Je pense : si là-haut, d’où l’éternel Moteur des étoiles daigne montrer quelques-unes de ses œuvres sur la terre, les autres œuvres de Dieu sont si belles, que s’ouvre vite la prison où je suis enfermé et qui me barre le chemin pour arriver à une telle vie. Puis je me remets à penser à ma souffrance habituelle, remerciant la Nature et bénissant le jour où je suis né, lesquels m’ont destiné à un si grand bien, et rendant grâce à celle qui a élevé mon cœur vers un tel espoir, car jusqu’alors j’avais vécu triste et à charge à moi-même. Depuis ce jour, j’ai été content de moi, emplissant d’une haute et suave pensée ce cœur dont les beaux yeux de Laure ont la clef.

Jamais Amour, ni la changeante Fortune, ne donnèrent à ceux qui furent leurs meilleurs amis en ce monde, un état si joyeux, et je ne le changerais pas contre un seul regard des yeux d’où me vient tout mon repos, comme tout arbre provient de ses racines. Brillantes, angéliques, heureuses étincelles de ma vie, où s’allume le plaisir qui doucement me consume et me ronge, de même que disparaît et fuit toute autre lumière là où la vôtre vient à resplendir, ainsi, quand une si grande douceur y descend, toute autre chose, toute autre pensée sort de mon cœur, et seul Amour y reste avec vous.

Toute la douceur qui fût jamais au cœur des amants fortunés, réunie en un seul lieu, est nulle en comparaison de celle que je ressens, quand parfois vous faites mouvoir, entre les beaux cils noirs et le beau teint blanc votre lumière où Amour se joue. Et je crois que, dès mon enfance et dès mon berceau, le ciel, dans sa prévision, a donné ce contrepoids à ma mauvaise fortune, pour compenser mon imperfection. Aussi combien ils me font tort, le voile et la main qui se mettent si souvent entre mon suprême plaisir et les yeux d’où, jour et nuit, découle le grand désir apaisant mon cœur, dont l’état varie selon l’aspect de Laure.
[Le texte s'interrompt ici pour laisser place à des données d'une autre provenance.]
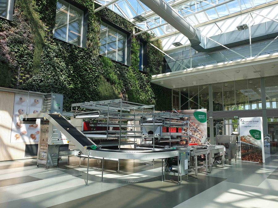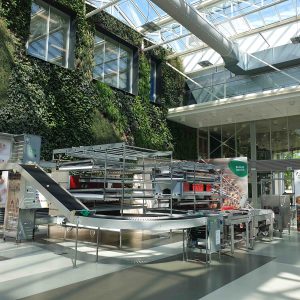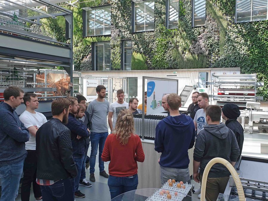 Tag 3: Auch der Besuch eines Automatisierungsbetriebes aus der Geflügelbranche des in der Nähe von Eindhoven liegenden Ortes Eersel weitete den Blickwinkel der Besucher für technische Innovationen und Nachhaltigkeit in diesem Tätigkeitsfeld. Das Produktionsgebäude – ein als so genanntes Null-Energie-Haus konzipiertes Gebäude – wirkte, nicht zuletzt wegen der besonderen Formgebung des Grundrisses (in Gestalt eines Vogeleis) sofort das Interesse unserer Fachschüler: Die gesamte zum Betrieb benötigte Energie wird aus regenerativen Quellen gewonnen. Zudem sind die gestalteten Arbeitsplätze hell und freundlich. Dieser erste Eindruck wurde noch verstärkt, denn in den Montagehallen befinden zahlreiche Grünpflanzen. Ferner hatten die hier Beschäftigten einen buchstäblich „eigenen Freiraum“, um ihre Ideen für die Verbesserung der Produktion auszuprobieren.

Comme je m’aperçois, et cela me chagrine, que mon mérite naturel ne peut me rendre digne d’un si cher regard, je m’efforce d’être à la hauteur d’une telle espérance et du noble feu dont je brûle tout entier. Si je pouvais, à force de soins, devenir prompt au bien et tardif pour faire le mal, dédaigneux de tout ce que le monde désire, une telle ardeur pourrait peut-être m’aider dans le doux jugement de Laure. Certes, la fin de mes pleurs, que mon cœur ne demande pas à autre chose, doit venir des beaux yeux tremblant enfin d’amour, suprême espoir des amants courtois.

Chanson, une de tes sœurs t’a précédée de peu, et je sens l’autel s’apprêter dans la même officine ; de sorte que j’ai plus d’une page encore à tracer.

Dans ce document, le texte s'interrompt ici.